*Assignment*
In the records below, repeat word for word only the lines starting at the one that contains "Mit diesem Pflegekörbchen" and ending at the one that contains "また、 ニッチの中をアクセントクロスにしてもオシャレ。 マグネット仕様にしたり、飾り棚・マガジンラックを併用する。", pictures excluded.

Collected data entries:
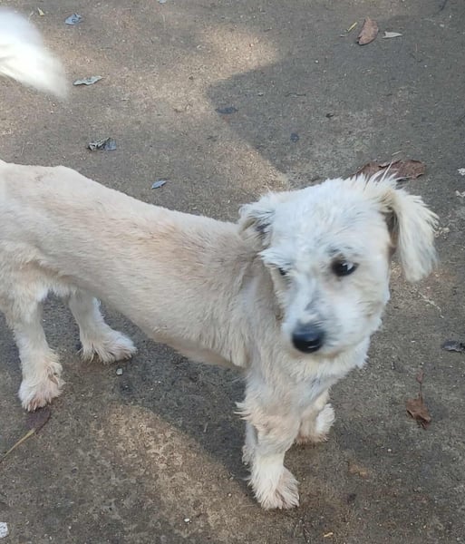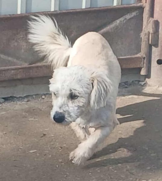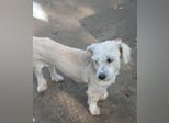 Marley, Mischlingsjunge (Malteser/Bichon Frisé Mix?), geboren am 02.02.2025, hat eine Schulterhöhe von ca. 30 cm und wiegt etwa 7 kg.
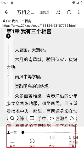 4、进入小说阅读界面后,可以找到一个“听书”按钮。
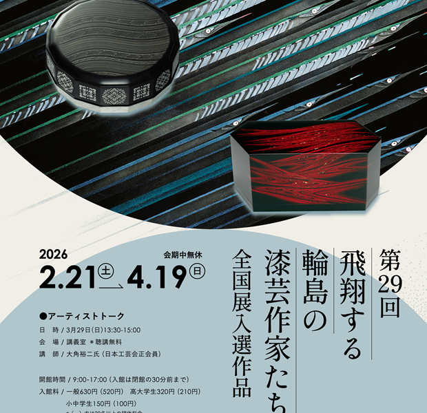 イベント詳細 日付: 2026年2月21 – 4月19日 カテゴリ: 次回開催の展覧会 輪島市在住の漆芸作家 … 続きを読む 第29回飛翔する輪島の漆芸作家たち―全国展入選作品―
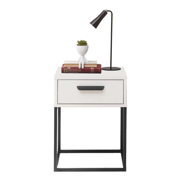 Нощно шкафче с чекмедже с размери Ш:40/Д:38.5/В:52 см. Притежава семпъл, но стилен дизайн, който лесно може да комбинирате с други мебели. Проектирано с правоъгълна конструкция с 1 чекмедже, поставена на метална рамка за основа. Чекмеджето е изключително удобно за съхранение на дреболийки в спалнята, като лесно може да бъде изваждано посредством черна дръжка. Плотът е с компактни размери удобен за поставянето на нощната лампа или чаша с вода. Може да изберете да бъде в бяло, сиво или светъл дървесен декор.
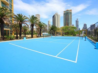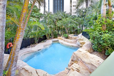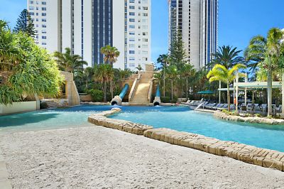 Sun City facilities include a lagoon pool with waterslides, heated indoor pool, heated indoor and outdoor spa, steam room and sauna, full-size tennis courts, gymnasium, games rooms, lush tropical gardens, on-site restaurant, full security system and 24-hr reception. Located on the northern end of Surfers Paradise, the resort is just opposite the Gold Coast's amazing beaches, and an easy stroll to world-class restaurants, cafes, and shops. Plus, with the G-Link Rail on its doorstep, Sun City is only minutes away from every hot spot in town including the Gold Coast Convention Centre, The Star Casino, Pacific Fair Shopping Centre, Main Beach, Marina Mirage, and Southport CBD/Chinatown.
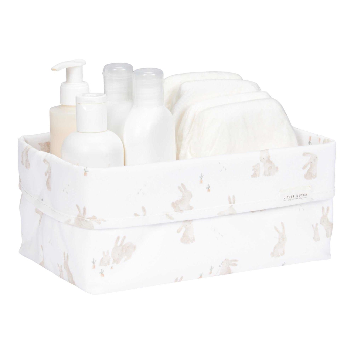 Mit diesem Pflegekörbchen von Little Dutch bleibt die Kommode ordentlich und aufgeräumt! Dieses Little Dutch Pflegekörbchen ist schön verarbeitet und bietet Platz für alle Produkte, die Sie für die tägliche Pflege Ihres Babys benötigen. Ein schönes Accessoire für das Kinderzimmer. Dieses Körbchen Baby Bunny ist mit einem schönen Hasenprint verziert. Auch in anderen Größen und Formen erhältlich.
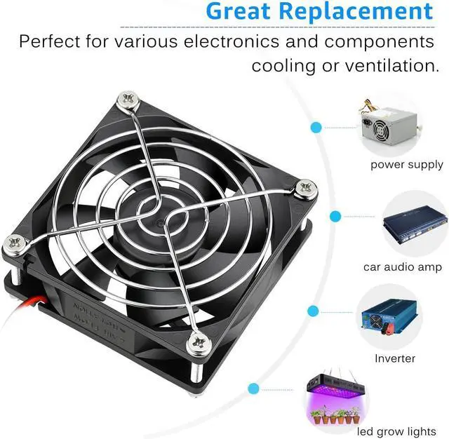 Wide ApplicationThis 80mm high speed fan can be used for cooling / ventilation in CNC Controller Box, Car Audio Amplifier, Inverter, Power Supply, LED Grow Lights, Battery Box, Vivarium, etc.
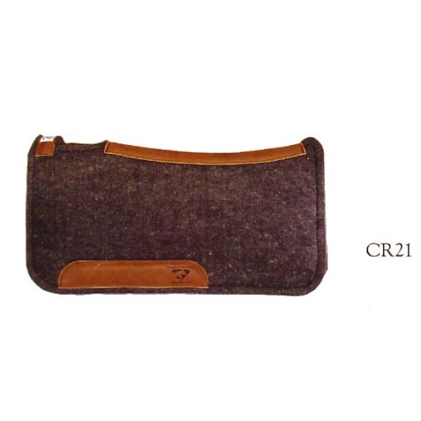 Popis produktu westernová podsedlová deka Contoured ToughVyrobeno ze 100% vlněného filcu, prošito pravou kůží kolem páteře pro tlumení nárazů, zakončeno pravou kůží. Velikost: 30" x 30", 32" x 32" Barva: tmavě černohnědý přírodní filc Tloušťka filcu: 1"
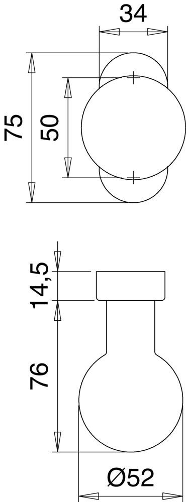 für Rahmentüren · gerade, auf ovaler Rosette · mit unsichtbarer Befestigung · Höhe 75 mm · Breite 34 mm · Stärke 14,5 mm · Schraublochabstand 50 mm · fest oder fest/drehbar (federnd gelagert) · DIN links / rechts · Lieferung ohne Stift und Schrauben
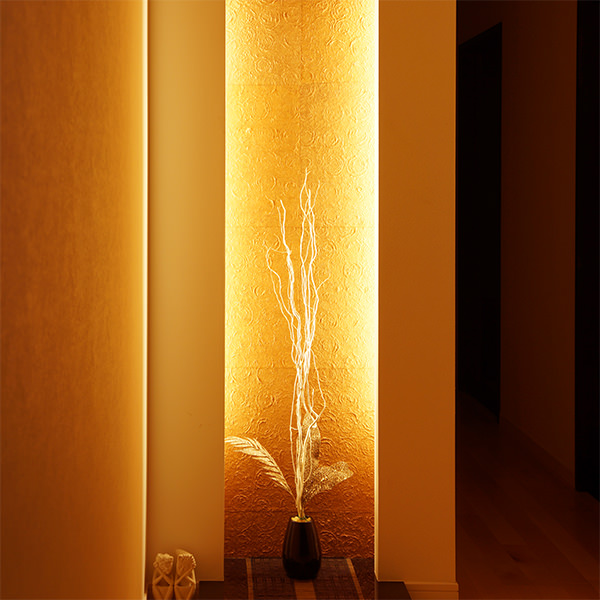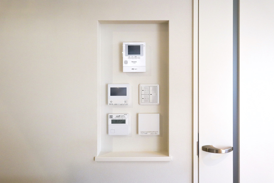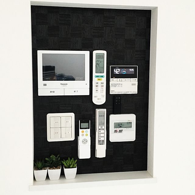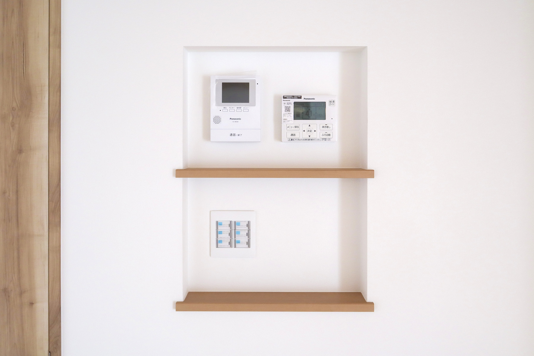 インターホンや給湯器、床暖房、エアコンのリモコンをニッチにひとまとめに。 壁から数センチの飛び出しがないだけで、とてもスッキリとして見えます。 また、 ニッチの中をアクセントクロスにしてもオシャレ。 マグネット仕様にしたり、飾り棚・マガジンラックを併用する。
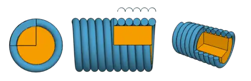 Le filage rond est un fil à géométrie circulaire (classique) que l'on embobine autour de l'âme, tandis que le filage plat est un fil à géométrie rectangulaire (rendant la zone de contact entre deux spires parfaitement jointive et lisse).
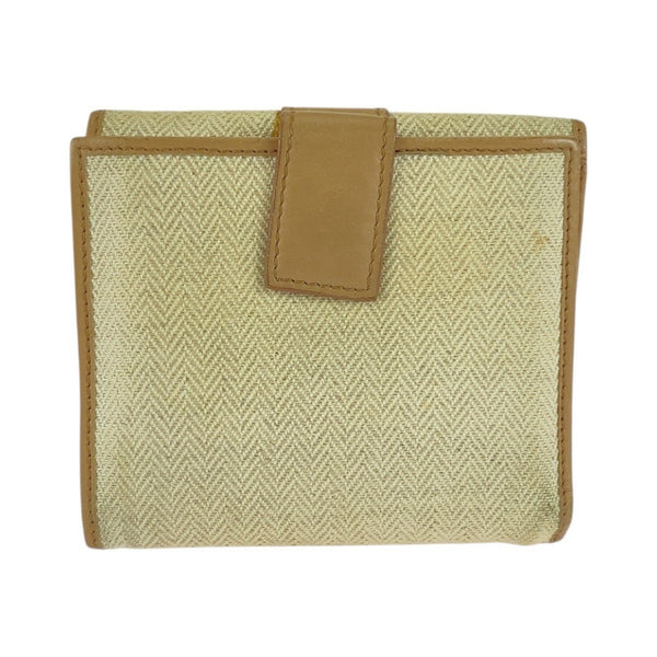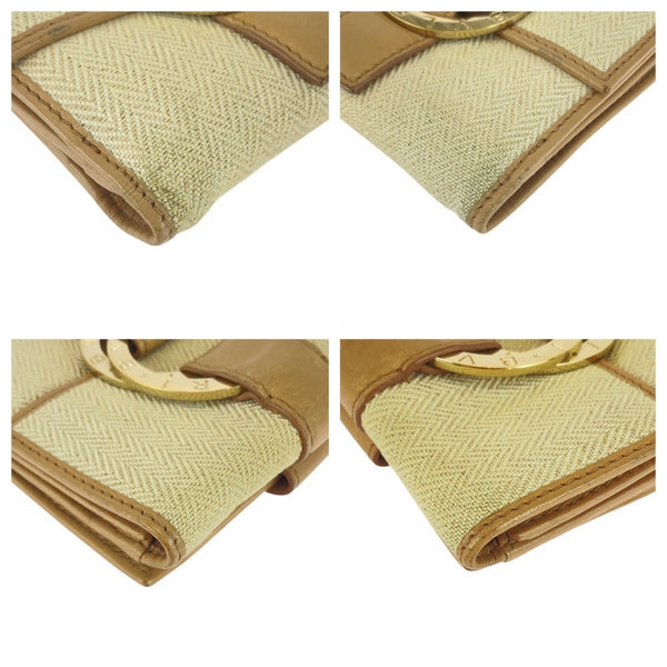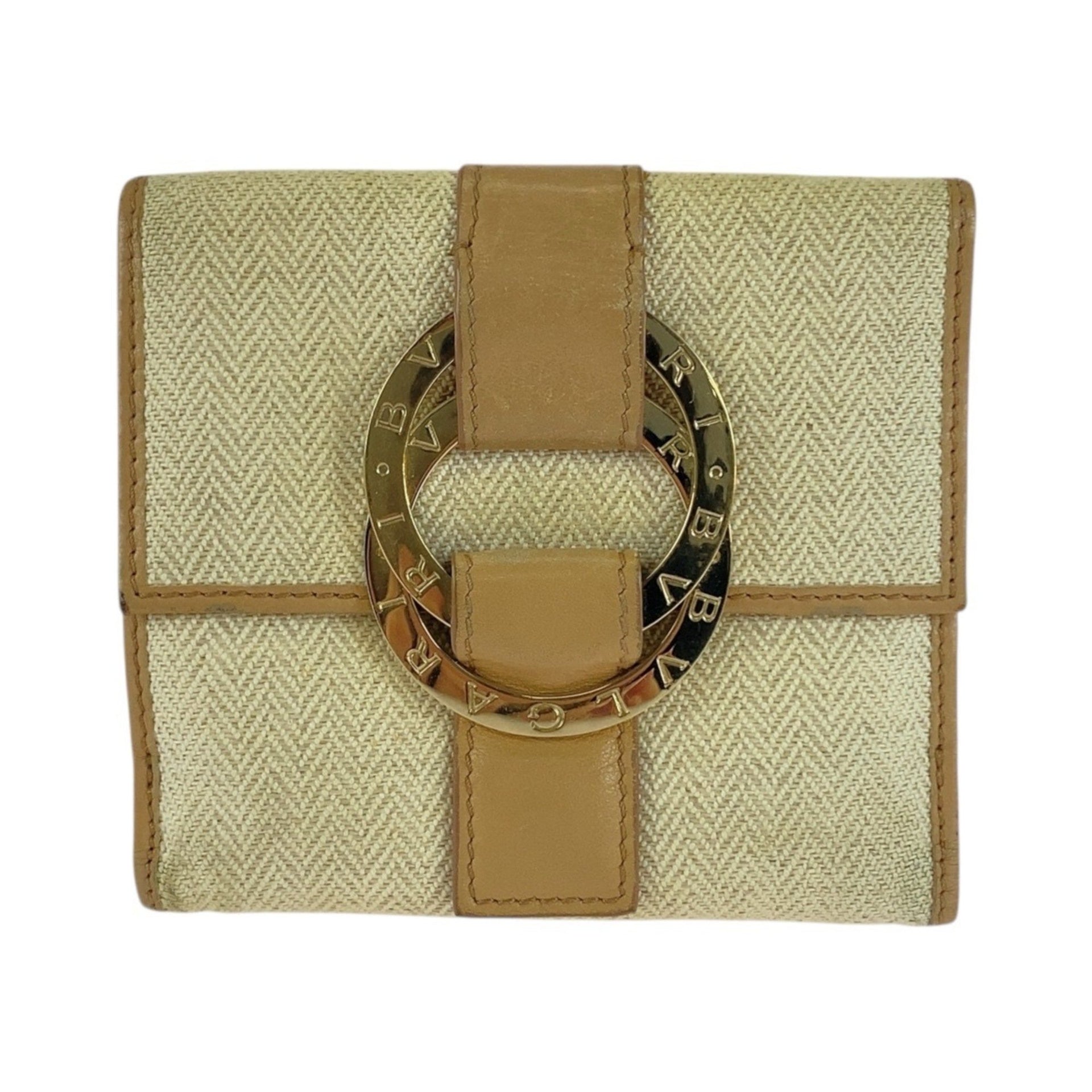BVLGARI Chandra Beige Tweed/Leather Compact Folding Wallet (12661695) with Gold Hardware, Women\'s

*Solution to the problem*
 Mit diesem Pflegekörbchen von Little Dutch bleibt die Kommode ordentlich und aufgeräumt! Dieses Little Dutch Pflegekörbchen ist schön verarbeitet und bietet Platz für alle Produkte, die Sie für die tägliche Pflege Ihres Babys benötigen. Ein schönes Accessoire für das Kinderzimmer. Dieses Körbchen Baby Bunny ist mit einem schönen Hasenprint verziert. Auch in anderen Größen und Formen erhältlich.
 Wide ApplicationThis 80mm high speed fan can be used for cooling / ventilation in CNC Controller Box, Car Audio Amplifier, Inverter, Power Supply, LED Grow Lights, Battery Box, Vivarium, etc.
 Popis produktu westernová podsedlová deka Contoured ToughVyrobeno ze 100% vlněného filcu, prošito pravou kůží kolem páteře pro tlumení nárazů, zakončeno pravou kůží. Velikost: 30" x 30", 32" x 32" Barva: tmavě černohnědý přírodní filc Tloušťka filcu: 1"
 für Rahmentüren · gerade, auf ovaler Rosette · mit unsichtbarer Befestigung · Höhe 75 mm · Breite 34 mm · Stärke 14,5 mm · Schraublochabstand 50 mm · fest oder fest/drehbar (federnd gelagert) · DIN links / rechts · Lieferung ohne Stift und Schrauben
 インターホンや給湯器、床暖房、エアコンのリモコンをニッチにひとまとめに。 壁から数センチの飛び出しがないだけで、とてもスッキリとして見えます。 また、 ニッチの中をアクセントクロスにしてもオシャレ。 マグネット仕様にしたり、飾り棚・マガジンラックを併用する。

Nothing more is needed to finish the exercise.